_Exercise description_
In the listing below, the lines starting at the line with "意味不明あだ名 | 『住所不定無職みうらともひろ(12歳)』 |" and ending at the line with "14 K gold, stylised" are to be output verbatim. Images stay out of the copy.

** Opening Given information block **

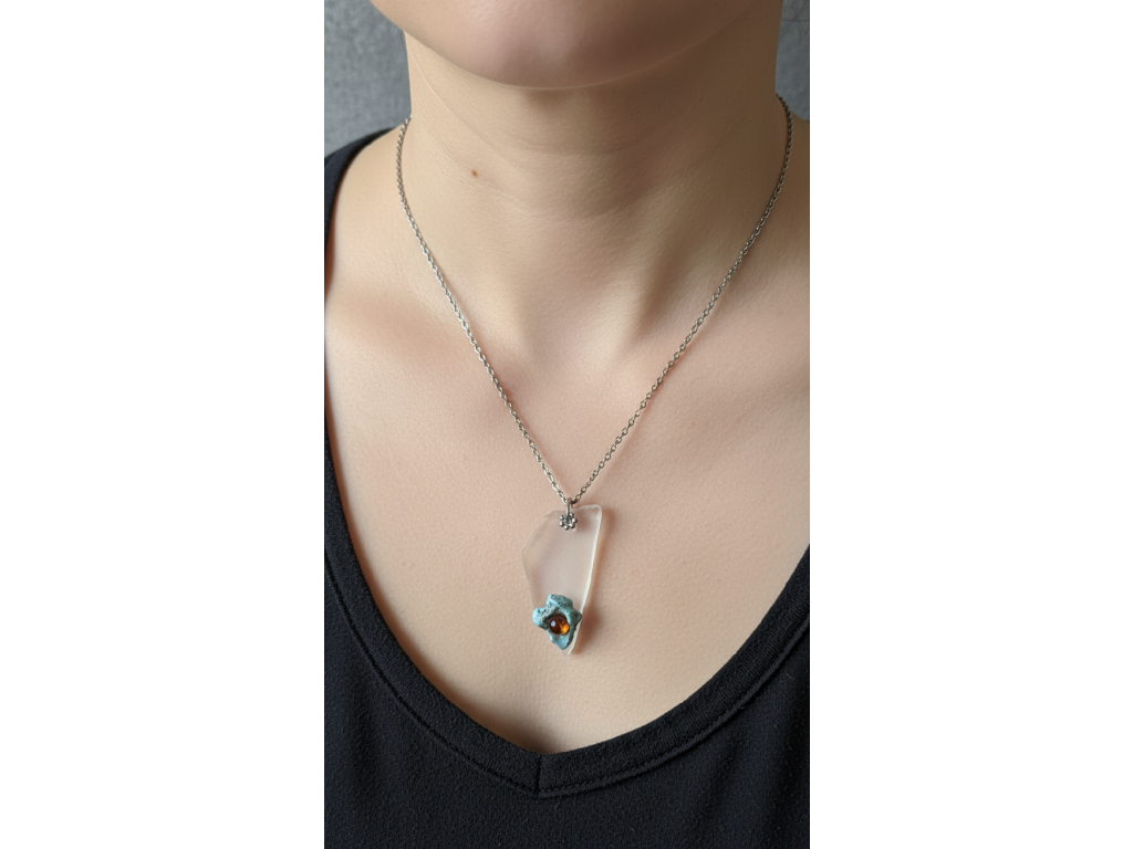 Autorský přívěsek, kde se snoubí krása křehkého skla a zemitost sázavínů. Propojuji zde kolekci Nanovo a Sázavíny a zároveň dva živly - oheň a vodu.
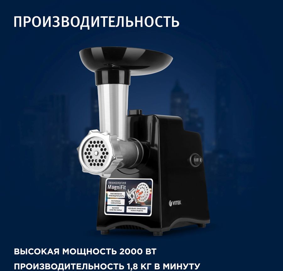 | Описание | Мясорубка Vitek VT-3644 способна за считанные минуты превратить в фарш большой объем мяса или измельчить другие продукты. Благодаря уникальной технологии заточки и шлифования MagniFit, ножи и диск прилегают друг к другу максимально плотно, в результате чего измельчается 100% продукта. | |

** Closing Given information block **
** Opening Given information block **

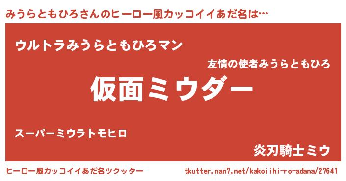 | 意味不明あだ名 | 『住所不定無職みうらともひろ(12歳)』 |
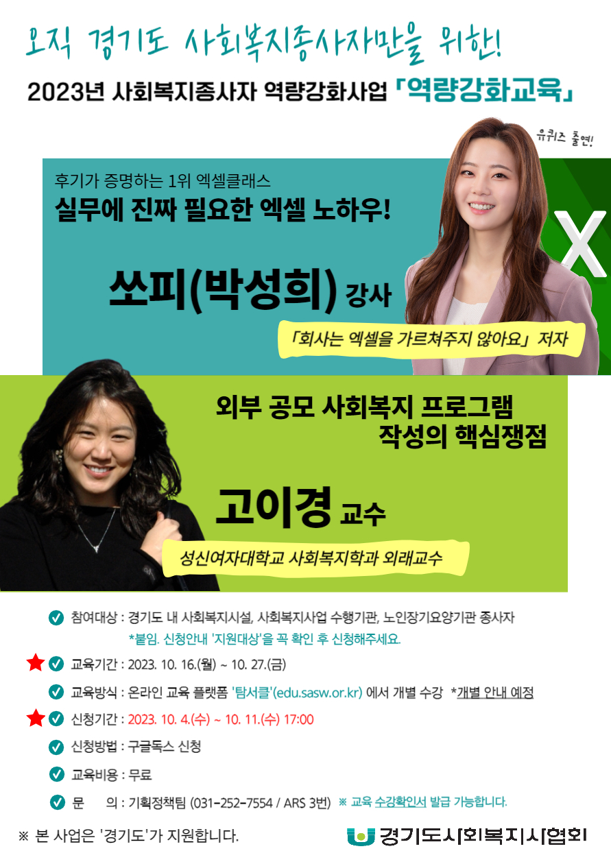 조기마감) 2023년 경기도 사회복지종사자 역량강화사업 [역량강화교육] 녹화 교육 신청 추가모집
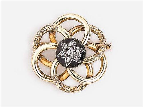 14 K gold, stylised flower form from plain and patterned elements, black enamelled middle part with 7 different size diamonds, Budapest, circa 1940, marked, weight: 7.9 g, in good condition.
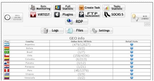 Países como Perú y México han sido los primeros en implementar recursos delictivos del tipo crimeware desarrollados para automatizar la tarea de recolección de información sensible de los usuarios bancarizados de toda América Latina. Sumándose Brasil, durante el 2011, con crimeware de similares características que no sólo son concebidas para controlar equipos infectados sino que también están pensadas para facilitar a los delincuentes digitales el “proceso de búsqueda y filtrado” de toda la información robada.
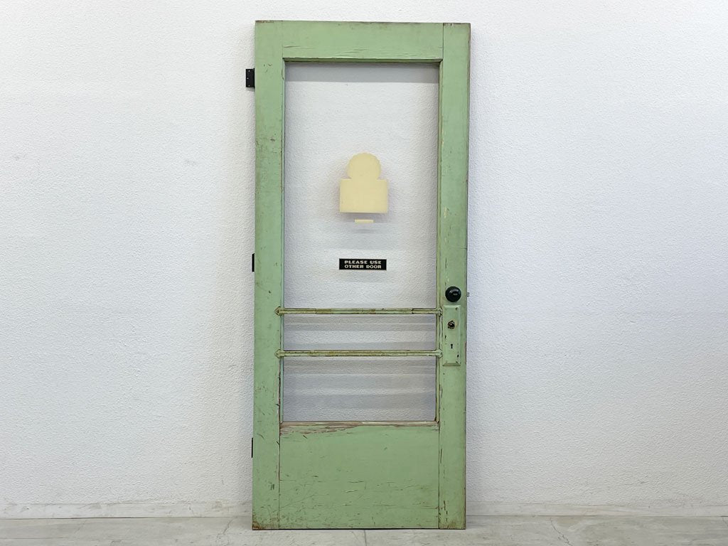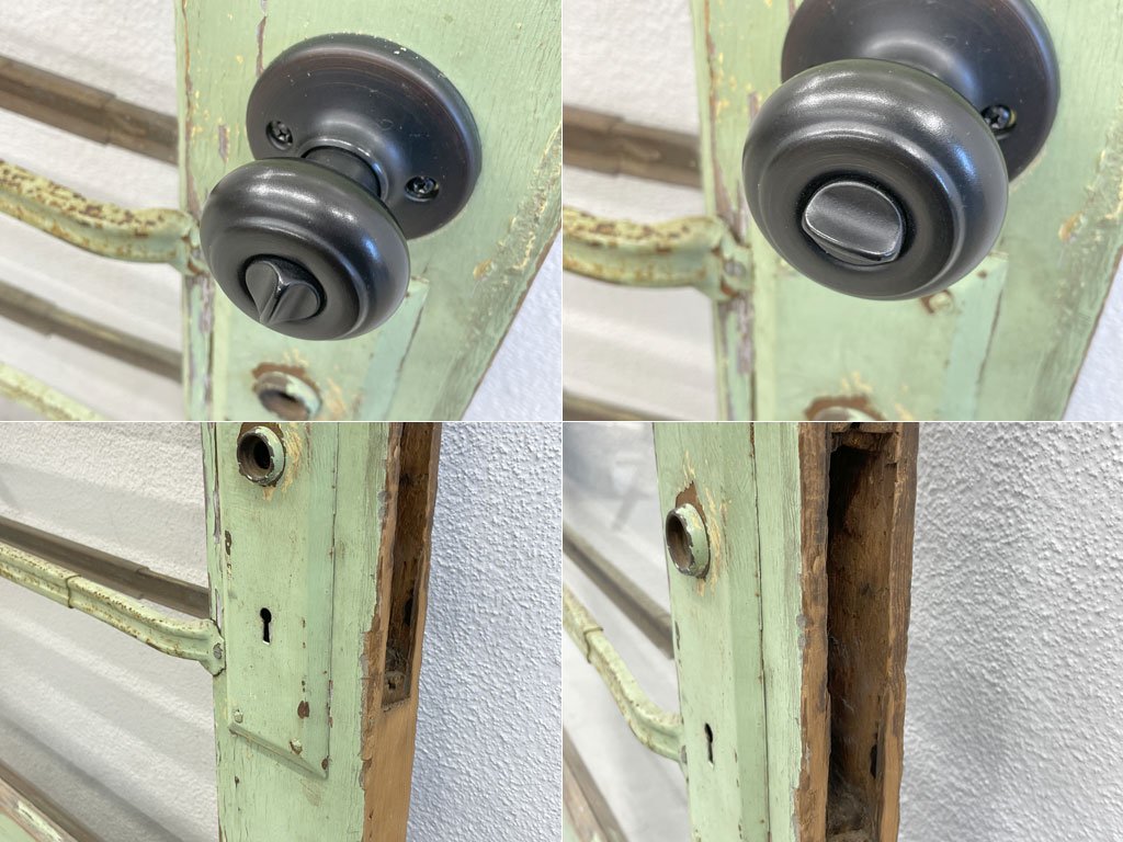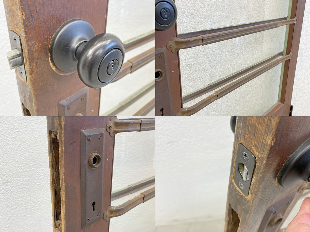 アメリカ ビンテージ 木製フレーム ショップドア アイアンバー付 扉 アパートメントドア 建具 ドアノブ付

** Closing Given information block **

_Solution for this exercise_
 | 意味不明あだ名 | 『住所不定無職みうらともひろ(12歳)』 |
 조기마감) 2023년 경기도 사회복지종사자 역량강화사업 [역량강화교육] 녹화 교육 신청 추가모집
 14 K gold, stylised flower form from plain and patterned elements, black enamelled middle part with 7 different size diamonds, Budapest, circa 1940, marked, weight: 7.9 g, in good condition.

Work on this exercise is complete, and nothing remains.